Marquand Work Comparison Other Perspectives

Introduction

In 1991, David Marquand wrote the book The Progressive Dilemma which consists an extension of reflections concerning the British politics progressive tradition and the dilemma which progressive intellectuals faced from the start of the 20th century (Marquand,1999). The progressive tradition demanded reforms in all spheres; the political, social, and economic kinds of reform. However, there was a contest of the best way of achieving the reforms. The Liberal Party, during the neo-liberalism period, as described by Marquand, was considered by the progressive intellectuals as the key driver for reforms. During the first few ten years of the 20th century, the progressive intellectuals were faced with options of whether to join the Labour Party that was newly formed, after leaving the Liberal Party (Marquand, 1999). The Labour Party’s ambitions appeared to be modest at the beginning as it portrayed itself to include more than just the representatives of the interests of Labour in the Parliament and had only a small number of Members of Parliament. After the Liberal Party split, the Labour Party came up suddenly as an opposition to the Conservatives in the Parliament. It turned into the only party which had the potential to dislodge Conservatives from the Government.

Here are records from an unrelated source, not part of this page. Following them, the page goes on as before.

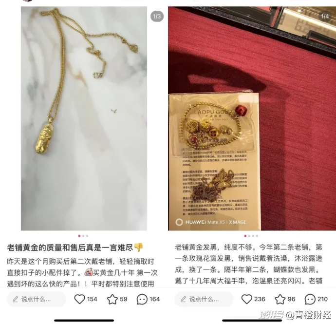 盡管老鋪黃金表示會堅持原創(chuàng)設(shè)計和產(chǎn)品迭代,但背后頻繁出現(xiàn)的質(zhì)量問題,以及一直被詬病的代工模式,似乎都與品牌宣傳的“手工匠心”模式嚴(yán)重背離。在社交媒體上,不少用戶投訴老鋪黃金的產(chǎn)品出現(xiàn)生銹變色、變形、掉鉆等問題。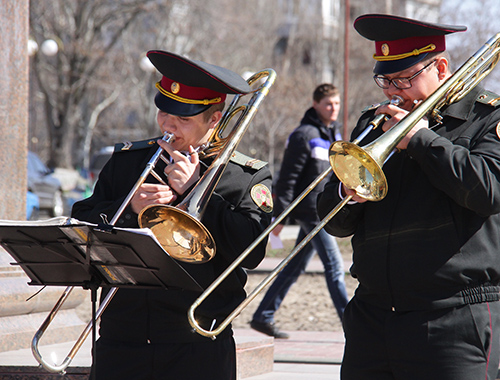 15 музыкантов военного духового оркестра, двое из которых - выпускники Мелитопольского училища культуры, порадовали мелитопольцев эстрадными произведениями, попурри украинских песен, маршами и даже музыкальными композициями всемирно известной группы "АББА". Кульминацией флэшмоба стал плац-концерт, где музыканты продемонстрировали не только виртуозное владение музыкальными инструментами, но и строевую подготовку, слаженно и четко перестраиваясь. Было здесь место даже юмору. Горожане, которые останавливались, чтобы послушать музыкантов, под конец концерта одарили их аплодисментами и криками "Браво! Молодцы!".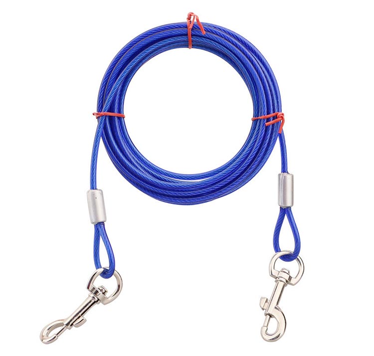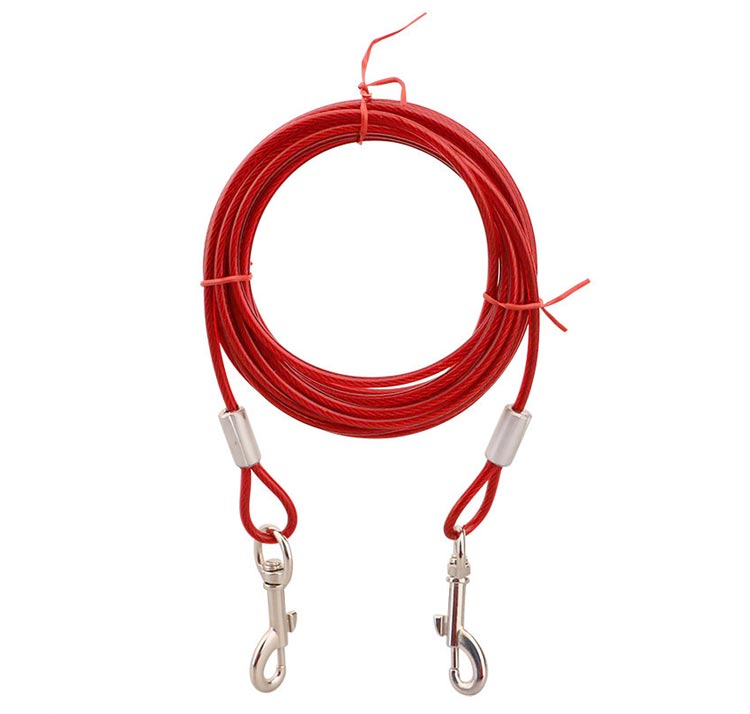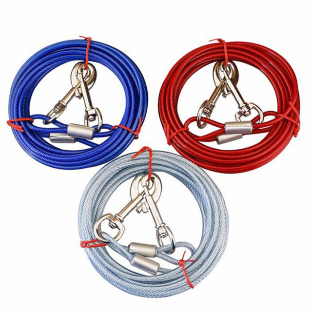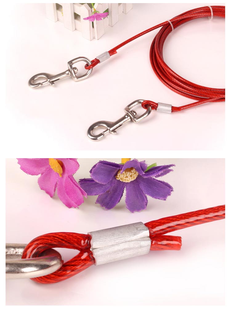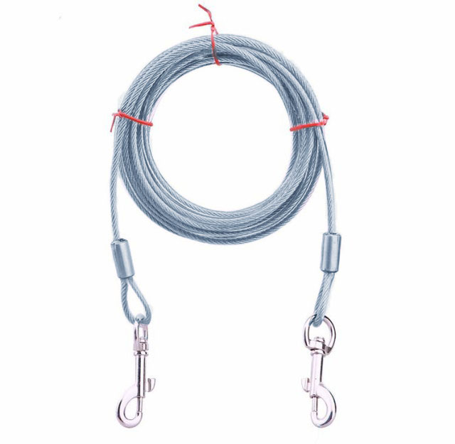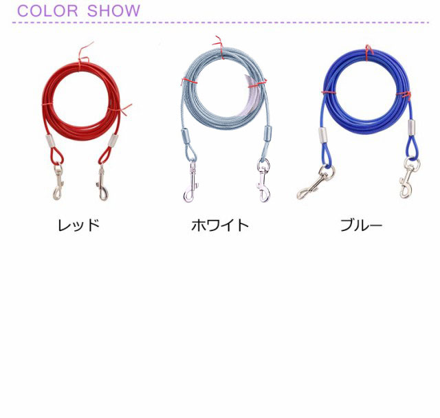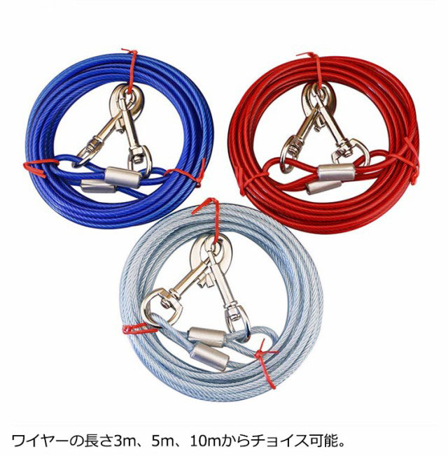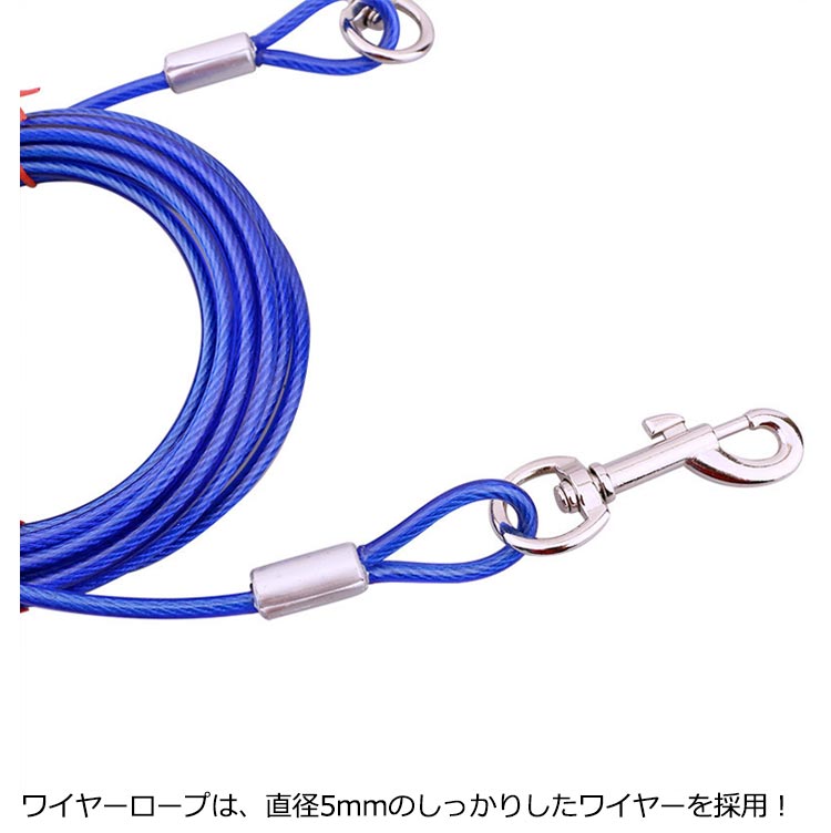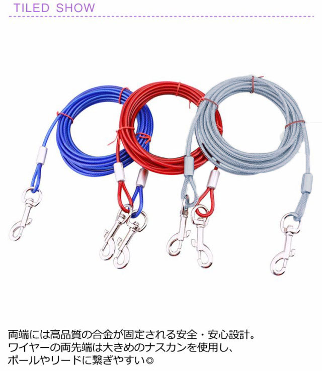 | 高張力強度?高耐久性のワイヤーリード。 両端には高品質の合金が固定される安全?安心設計。ワイヤーの両先端は大きめのナスカンを使用し、ポールやリードに繋ぎやすい◎ ワイヤーロープは、直径5mmのしっかりしたワイヤーを採用! ワイヤーの長さ3m、5m、10mからチョイス可能。 | |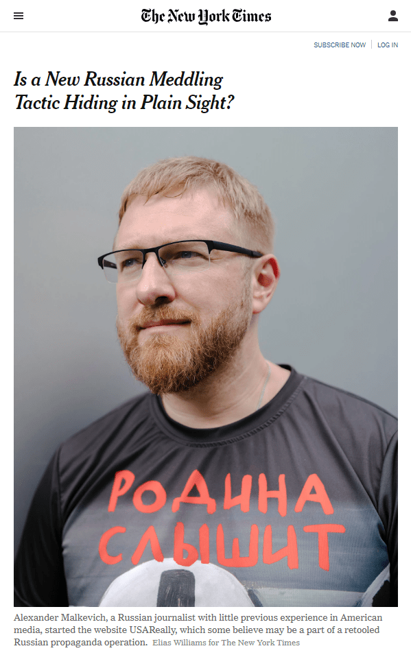 The New York Times was even less flattering in its assessment of Malkevich, describing the bumbling provocateur as being “more like a Sacha Baron Cohen character than a sinister propagandist.” In that article, Malkevich denied any connection to Russian troll operations, but refused to say who funded the USA Really website.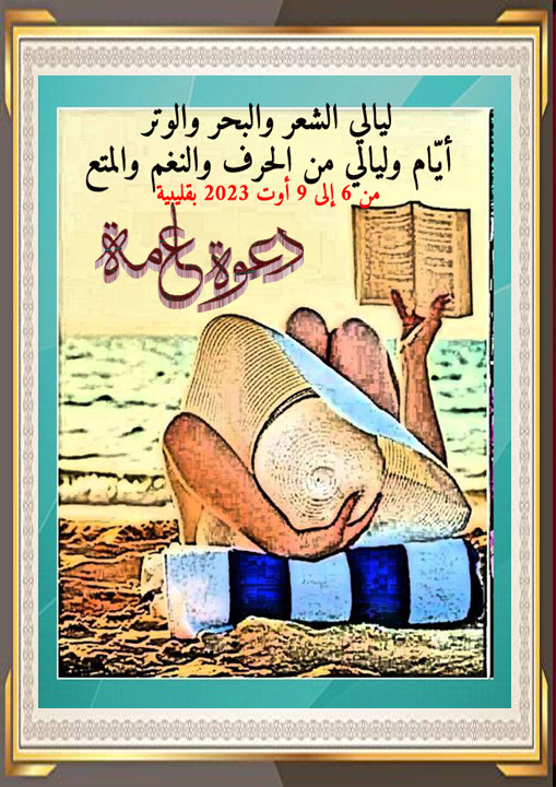 891 بالشراكة بين جمعيّة مراجعات ثقافيّة و جمعيّة منارة الأدب بقليبية تنتظم من 6 إلى 9 أوت 2023 تظاهرة ليالي الشعر والبحر والوتر. في دورتها الثالثة على التوالي (2021 و 2022 وهذه الدورة 2023) حسب البرنامج التالي: 6 أوت: س 18 المساء: لقاء مع القاص منير صالح الجابري ومجموعته القصصية (حكايات غرقى). بفضاء مقهى بوزار السهرة: س20.30 تنطلق مع معرض تشكيلي لفنانين من قليبية بفضاء سيدي عبد السلام يليه سهرة فنية يحييها فريق نادي الالحان بقليبية بقيادة الأستاذ يوسف القريتلي. 7 أوت: س 18 لقاء مع الروائي الأستاذ محمد البلاجي وروايته (شعاع في الظلمة) بفضاء مقهى بوزار بقليبية العتيقة. السهرة: س21 شعريّة بفضاء مقهى سيدي البحري. 8 أوت: س 18 اللقاء مع الشاعرة منى الماجري ومجموعتها الشعريّة (ما رشح من شقوق الخوابي) بفضاء بوزار بقليبية العتيقة. السهرة: س 21. شعريّة بفضاء المسلك السياحي بقليبية. 9 أوت: مجلس صباحي بمقهى الميناء لتسليم شهائد المشاركة والتكريمات والإعلان عن انتهاء التظاهرة

What remained in question was whether the progressives should agree to collaborate with the Labour Party – a party which fundamentally fostered Labour interests alone.

This paper seeks to critically analyze David Marquand’s work in The Progressive Dilemma with regards to other perspectives from Steven Fielding and McHugh, Andrew Thorpe and Peter Sloman concerning the question of; progressive dilemma or progressive fallacy.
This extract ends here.